Tuberculosis (TB) continues to pose a significant public health problem. Tuberculous meningitis (TBM) is the most severe form of extra-pulmonary TB. TBM carries a high mortality rate, including for those receiving treatment for TB. Diagnosis of TBM is difficult for clinicians as it can clinically present similarly to other forms of meningitis. The difficulty in diagnosis often leads to a delay in treatment and subsequent mortality. Those who survive are left with long-term sequelae leading to lifelong disability. The microbiologic diagnosis of TBM requires the isolation of Mycobacterium tuberculosis from the cerebrospinal fluid (CSF) of an infected patient. The diagnosis of tuberculous meningitis continues to be challenging for clinicians. Unfortunately, many cases of TBM cannot be confirmed based on clinical and imaging findings as the clinical findings are nonspecific, while laboratory techniques are largely insensitive or slow. Until recently, the lack of accessible and timely tests has contributed to a delay in diagnosis and subsequent morbidity and mortality for many patients, particularly those in resourcelimited settings. The availability of Xpert Ultra and point-of-care lipoarabinomannan (LAM) testing could represent a new era of prompt diagnosis and early treatment of tuberculous meningitis. However, clinicians must be cautious when ruling out TBM with Xpert Ultra due to its low negative predictive value. Due to the limitations of current diagnostics, clinicians should utilize a combination of diagnostic modalities in order to prevent morbidity in patients with TBM.

Background

Tuberculosis (TB) continues to pose a significant public health problem. An estimated 1.7 billion people worldwide have latent TB, and tuberculosis caused illness in 10 million people worldwide in 2018, leading to the deaths of 1.2 million HIV-negative people and 251,000 people living with HIV (PLHIV) [1]. Extrapulmonary TB accounts for ~14% of TB cases worldwide, particularly in children and PLHIV [2], [3]. More specifically, tuberculous meningitis accounts for ~1% of all worldwide TB cases [3].

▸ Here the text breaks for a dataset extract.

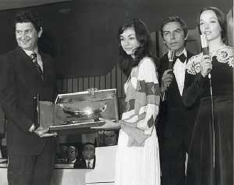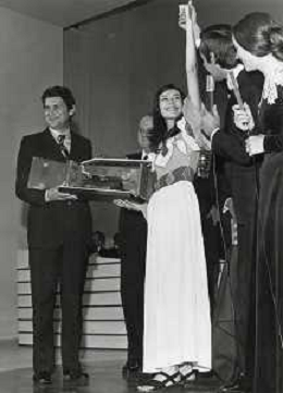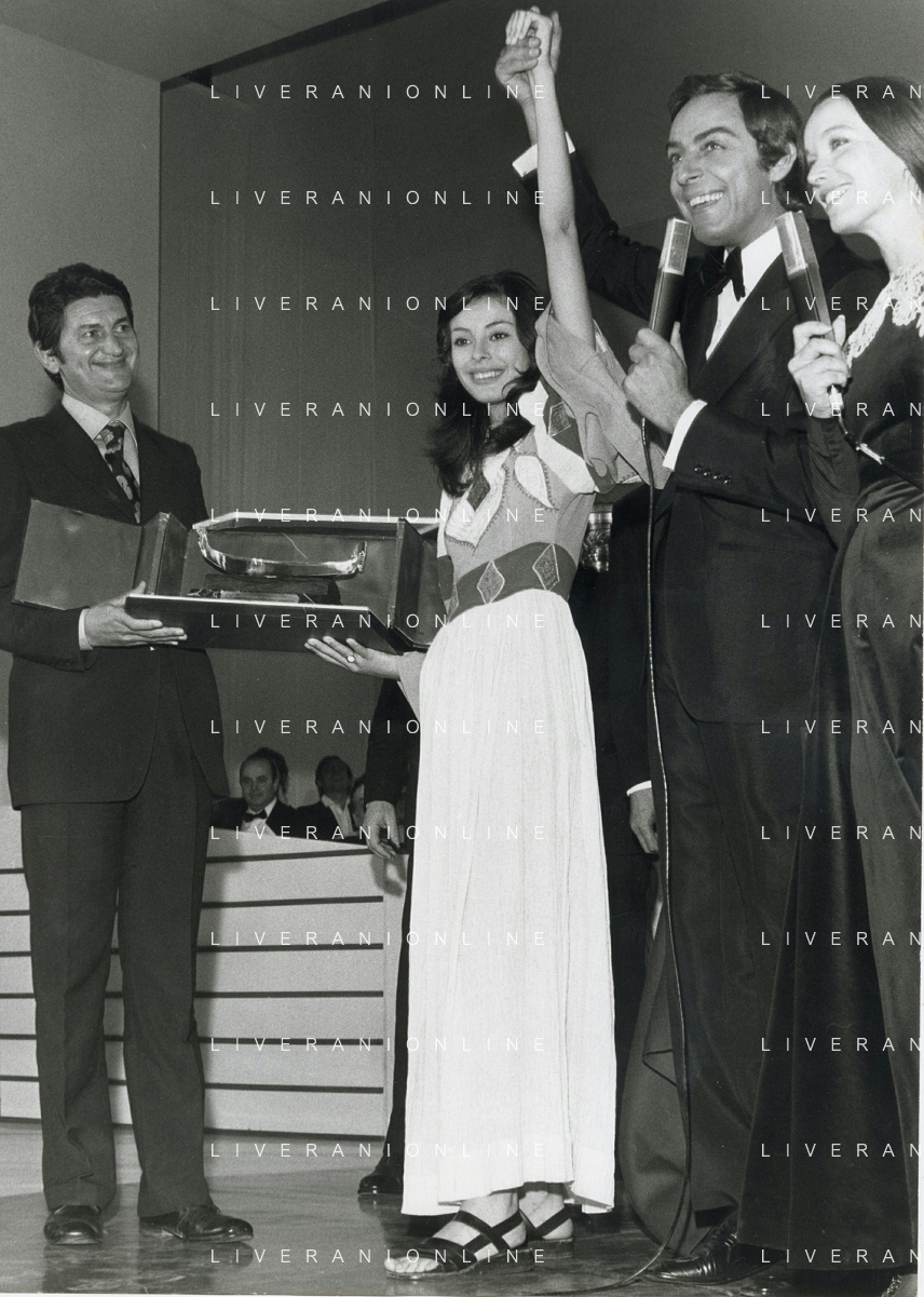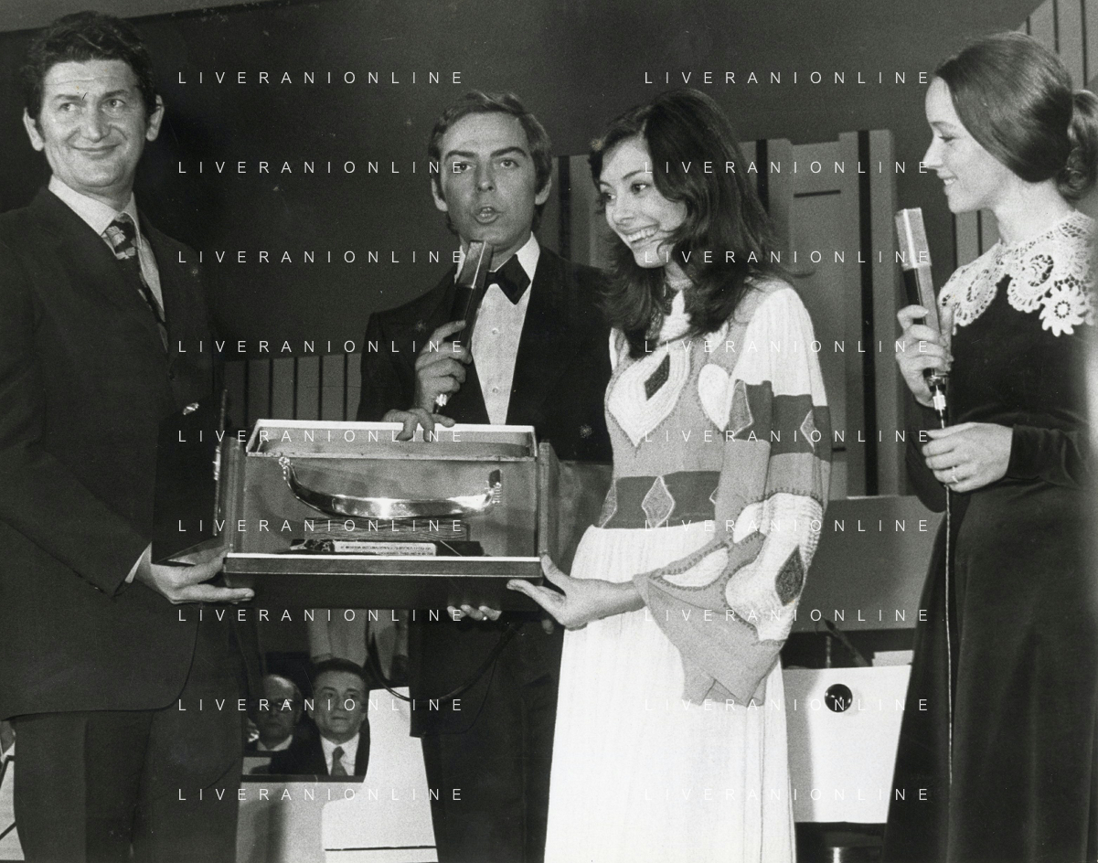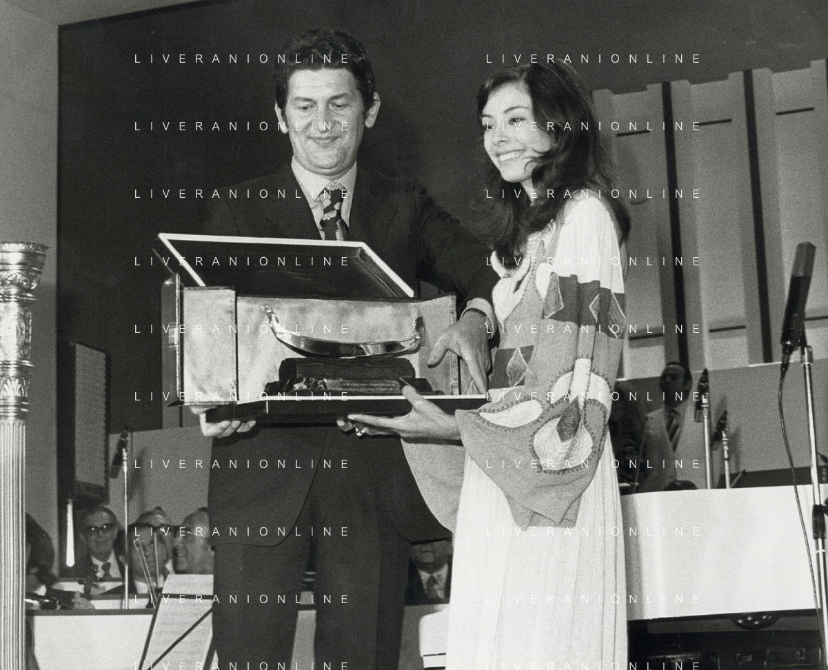ST-RETROSPETTIVA CARLA BISSI CANTANTE NELLA FOTO CARLA BISSI CON LA GONDOLA D'ARGENTO A VENEZIA NELL'ANNO 1972 AG ALDO LIVERANI SAS

Tuberculous meningitis (TBM) is the most severe form of extra-pulmonary TB [4], [5]. Although the peak age range for TBM is 2–5 years-old, adults who live in endemic areas or those who are immunosuppressed due to HIV or other immunosuppressive medications are susceptible to infection [3] Diagnosis of TBM is difficult for clinicians as it can clinically present similarly to other forms of meningitis. The difficulty in diagnosis often leads to a delay in treatment and subsequent mortality [4], [6]. TBM carries a high mortality rate of 30–40%, including those receiving treatment for TB [4], [5], [7], [8]. PLHIV who develop TBM have a higher mortality rate of >60% [6], [9], [10], [11]. Those who survive are left with long-term sequelae leading to lifelong disability [3]. It is theorized that TBM disseminates when a subcortical or meningeal pocket of infection ruptures and spreads bacilli into the subarachnoid space and into the cerebrospinal fluid (CSF) [12]. The microbiologic diagnosis of TBM requires the isolation of Mycobacterium tuberculosis from the CSF of an infected patient [7]. Unfortunately, many cases of TBM cannot be confirmed based on clinical and imaging findings as the clinical manifestations are nonspecific, while laboratory techniques are largely insensitive or slow [3], [13]. Thus, many patients are started on empiric therapy while awaiting microbiological confirmation [3], [13]. Recently, immunologic tests have been developed to aid in the diagnosis of TBM [14].

Clinical features of tuberculosis meningitis

Clinical features of TBM are similar to those of other causes of meningitis [13]. Classically, TBM presents as a subacute meningitic illness [3]. Because TBM cannot be definitively diagnosed based on history and clinical assessment alone, there is a delay in early diagnosis and treatment initiation [3], [15]. Symptoms often start with headache (50–80%) and anorexia (60–80%), leading to vomiting (30–60%), photophobia (5–10%), and fever (60–95%) [3], [13]. In adults, the most predictive symptom for TBM is duration of illness greater than five days [3]. Approximately half of patients with TBM have an exposure to another person with sputum-smear positive pulmonary TB [12]. On initial examination, patients can have neck stiffness (40–80%), confusion (10–30%), coma (30–60%), any cranial nerve palsy (30–50%), hemiparesis (10–20%), paraparesis (5–10%), and seizures, which are more common in children (50%) compared to adults (5%) [16], [17], [18], [19], [20], [21]. Additionally, patients with HIV are more likely to have evidence of TB in other organs, including the lungs, pleura, lymph nodes, genitourinary tract, vertebrae and spinal cord, and the peritoneum [9], [22], [23]. Chest x-rays (CXR) can demonstrate active or previous TB infections in about 50% of patients, but these findings are not specific in areas endemic to TB [16]. However, a military pattern of TB on CXR can be helpful in determining extrapulmonary dissemination of TB [24].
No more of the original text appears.